As to the 101.7 translator, that was either eliminated or displaced when KCMT first went on the air at 101.9. KGMG got the 104.9 translator sometime around or after that time.

The current format is an outgrowth of the previous format, urban AC, and they took a more classic soul/AC approach following the change of format from rhythmic oldies to 'La Preciosa' at what is now 97.1 KTZR.

On March 17, 2011 translator K285DL 104.9 FM stopped simulcasting KGMG and began simulcasting sports-formatted KFFN 1490 AM Tucson, AZ.
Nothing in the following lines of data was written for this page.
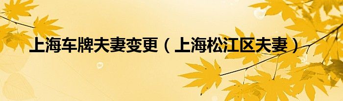 大家好,小东方来为大家解答以上的问题。上海车牌夫妻变更,上海松江区夫妻这个很多人还不知道,现在让我们一起来看看吧!
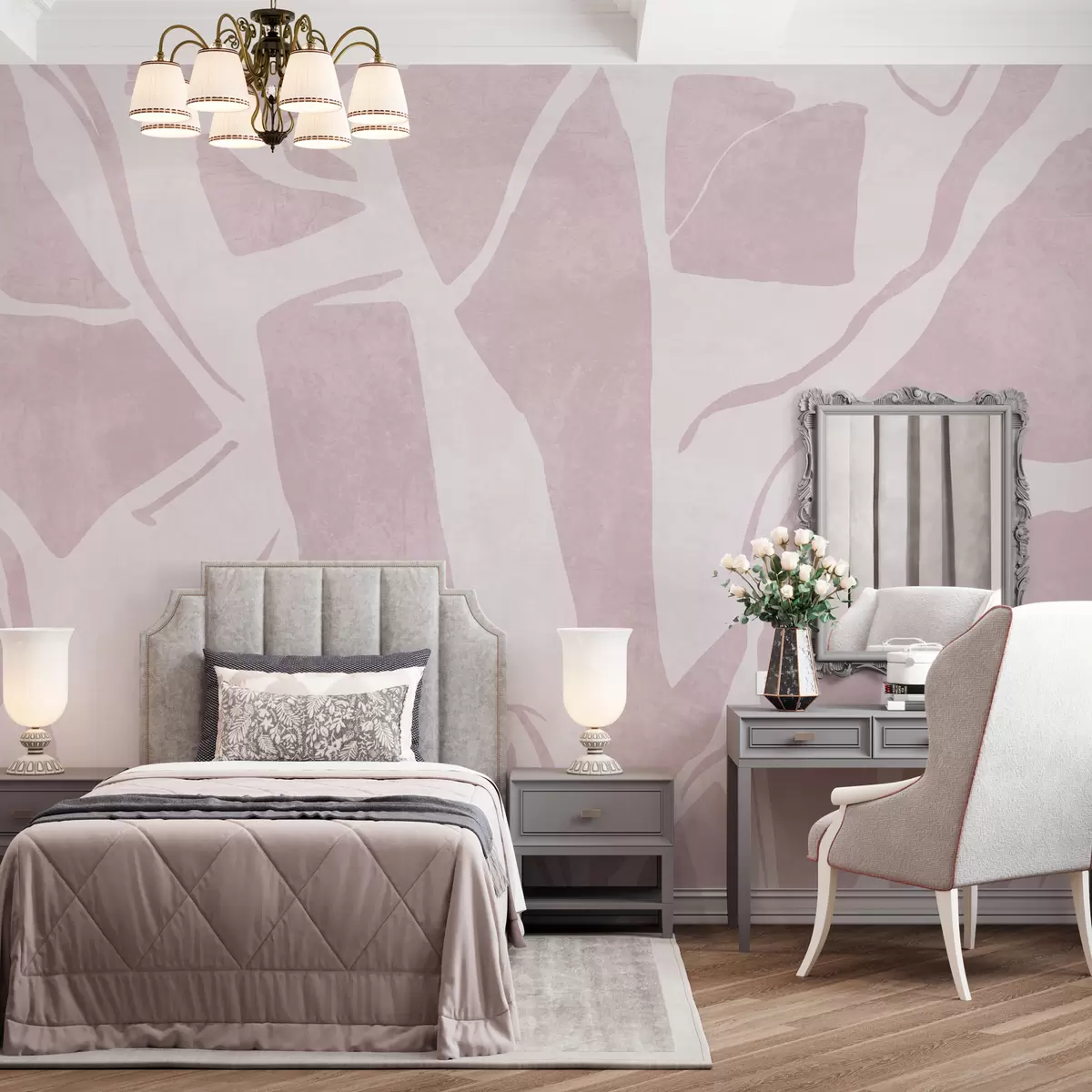murales de pared Papel pintado abstracto geométrico grunge en color rosa w02917v2
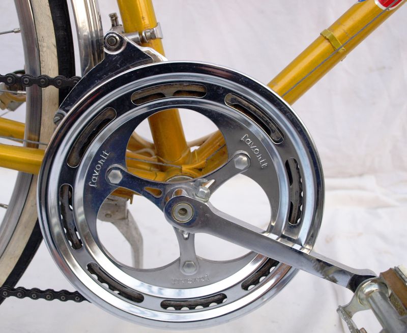 Majd megérkezett, a használat nyomai nem látszanak rajta, nincs racsni- vagy fékbetétkopás, csak tárolási nyomok, és az is szerencsére kevés. Nos, miről is van szó Favorit Special típusú (katalógus szerint az F10 családba tartozik), véleményem szerint gyönyörűen muffolt acél vázas kerékpár, nem lemez, hanem jelöletlen kovácsolt papuccsal, 58-as nyeregcső vázmérettel (csak ebben a méretben készült), 28-as kerékmérettel, 32×622-es gumimérettel, 2×5 fokozatos meghajtás, teljes felszereléssel, eredeti állapotban, eredeti gumikkal! Eredeti fényezése is különleges, a fém vázat alapozták (jelen esetben fehér színnel) majd a lakkréteget „színezték” meg, azaz nem színtelen, hanem jelen esetben világos-arany színű lakkal véglegesítették a fényezését. Ez olyan helyeken vehető észre, ahová a fényezés során több színezett lakk került, ugyanis ott sötétebb árnyalatú lett a végeredmény.
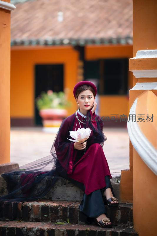 身穿紫黑相间传统服饰的女子,一手托腮,一手持莲,侧坐于砖砌台阶旁,目光望向远方,背景是暖色调的古建筑与绿植,营造出古典而略带忧郁的意境。
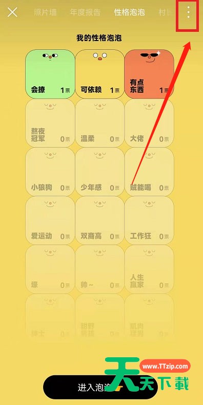 5、返回个人主页后用户们右滑至照片墙可以有效避免性格泡泡显示在主页。
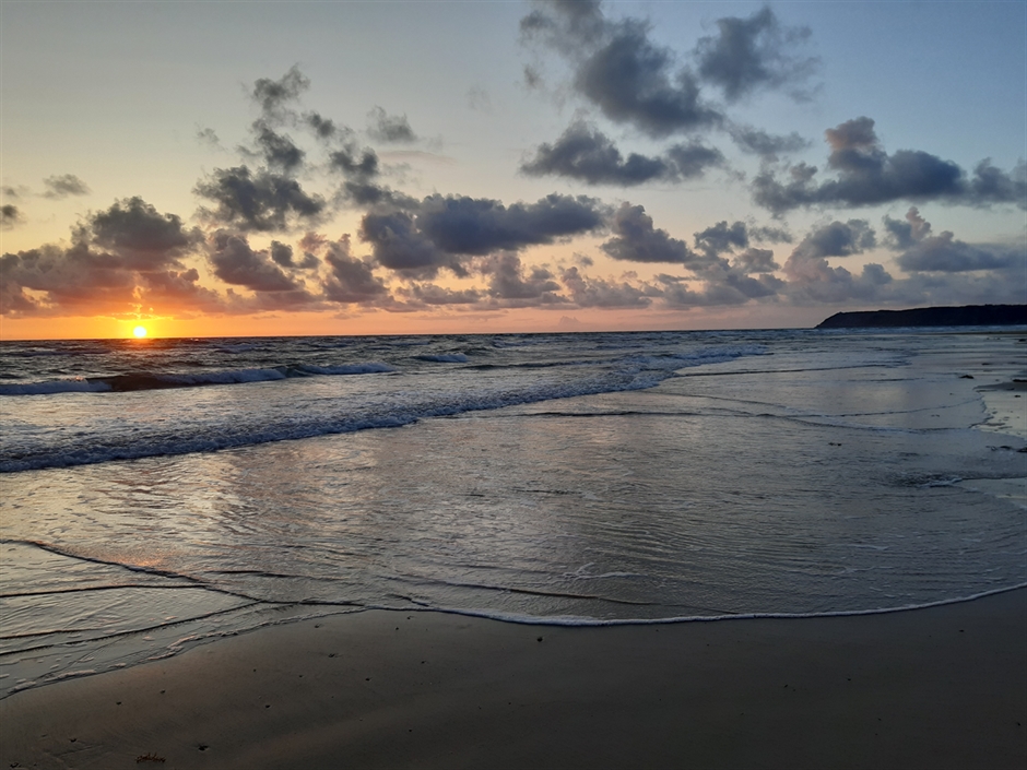 Lever du soleil sur la plage de Barneville
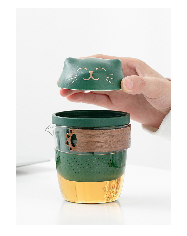 • 행복한 고양이 3 컵 + 차 냄비-녹색

On October 5, 2011, KGMG's PD and airstaff were terminated from their jobs. It is expected that the station will flip to a Rhythmic AC format

On October 16, 2011 KGMG changed their call letters to KTGV. On October 24, 2011 KTGV rebranded as "106.3 The Groove".

In July 2014, Journal announced that it had agreed to sell its broadcasting assets to the E. W. Scripps Company, and that both companies would spin off their publishing assets into a new company known as Journal Media Group. The transaction was completed in April 2015.

In January 2018, Scripps announced that it would sell all of its radio stations. In August 2018, Lotus Communications announced that it would acquire Scripps' Tucson and Boise clusters for $8 million. However, to comply with FCC ownership limits, Lotus stated that it would divest KTGV and KQTH. It was announced in August 2018 that KTGV would be sold to Bustos Media for $1 million. The sale was approved on October 10, and the deal was completed on December 12.